Sun introduced new preconfigured clustered storage and computing hardware-software packages and new data center management software designed specifically for HPC shops-facilities that include such well-known national labs as National Laboratories, Los Alamos National Laboratory and Lawrence Livermore National Laboratory.

“We’ve made significant upgrades all across the board in our HPC line, from storage, to interconnect, to fabric and compute,” John Fowler, Sun’s executive vice president of systems, told me. “We’ve doubled the performance of the fabric, we’ve added new processors and cooling solutions to the compute side, and we’ve significantly expanded the storage element.”

Sun’s new Open Storage Cluster package, which comes as a preintegrated bundle, combines Sun Fire servers and hybrid data servers with the open-source Lustre file system and a high-speed interconnect. Storage Cluster enables users to scale capacity from 48TB to multiple petabytes and performance from 1GB per second to more than 100GB per second.

Sun’s Compute Cluster, also a preintegrated bundle, is aimed at small to midsize data centers that run computing-intensive applications, such as analysis, signal processing, trading and CAE/EDA (electronic design automation).
This preconfigured HPC scalable cluster uses Sun Fire rack-mounted or blade servers with preloaded open-source software. The interconnects are either InfiniBand or high-bandwidth Ethernet.
“You may not know that nine of the top 10 supercomputers in the world are using Sun storage products-including Lustre [which Sun uses in all its servers and arrays], archive products and related software,” Fowler said. “Fifty percent of the top 50 [supercomputer systems] are now using Lustre.
“‘Amber Road’ [Sun’s new high-throughput storage appliance] will also be of particular interest to HPC customers-they, of course, are using enterprise storage, and they’re always interested in performance and cost points,” Fowler said.
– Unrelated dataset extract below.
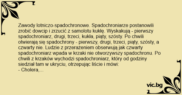 Zawody lotniczo-spadochronowe. Spadochroniarze postanowili zrobić dowcip i zrzucić z samolotu kukłę. Wyskakują - pierwszy spadochroniarz, drugi, trzeci, kukła, piąty, szósty. Po chwili otwierają się spadochrony - pierwszy, drugi, trzeci, piąty, szósty, a czwarty nie. Ludzie z przerażeniem obserwują jak czwarty spadochroniarz wpada w krzaki nie otworzywszy spadochronu. Po chwili z krzaków wychodzi spadochroniarz, który od godziny siedział tam w ukryciu, otrzepując liście i mówi: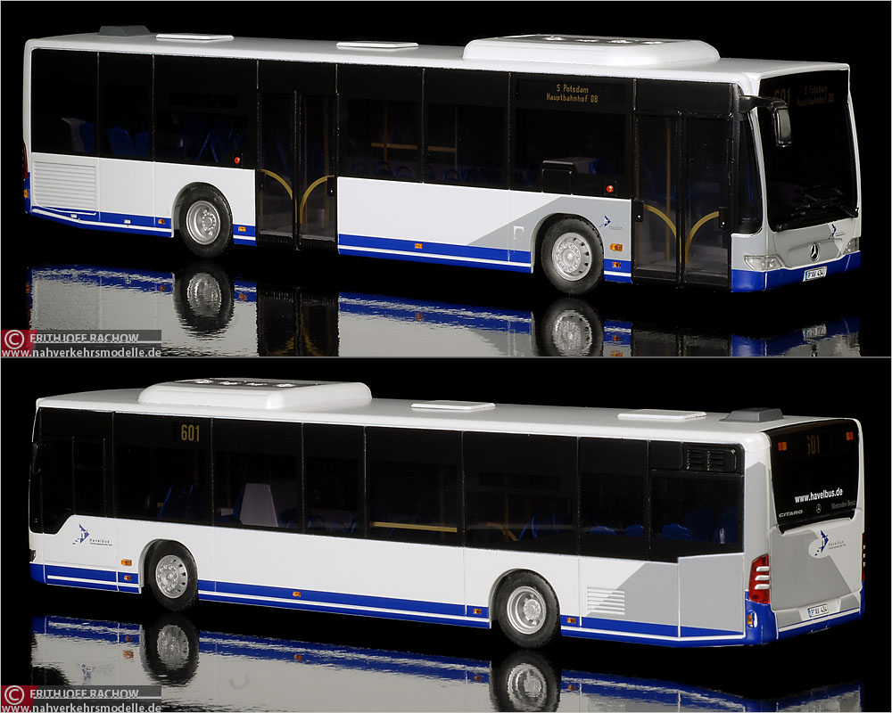 Eindecker MB O 530 Citaro Facelift Havelbus Verkehrsgesellschaft mbH Potsdam Hersteller: Rietze #66520 Erscheinungsjahr: 01/2008 Maßstab 1:87 (H0) Ziel: "601 S Potsdam Hauptbahnhof DB" |

Click here to read more about Sun’s first storage appliance, code-named Amber Road, unveiled Nov. 10.

Finally, Sun announced a list of open-source software releases designed to simplify these HPC deployments. They include: Lustre 1.8, which introduces version-based recovery, interoperability with 1.6 clients and adaptive time-out; Sun HPC ClusterTools 8.1, which includes processor affinity support, a high-performance MPI and parallel job launcher; and Sun HPC Software, Linux Edition 2.0, which provides Linux users with a ready-made software stack for HPC clusters.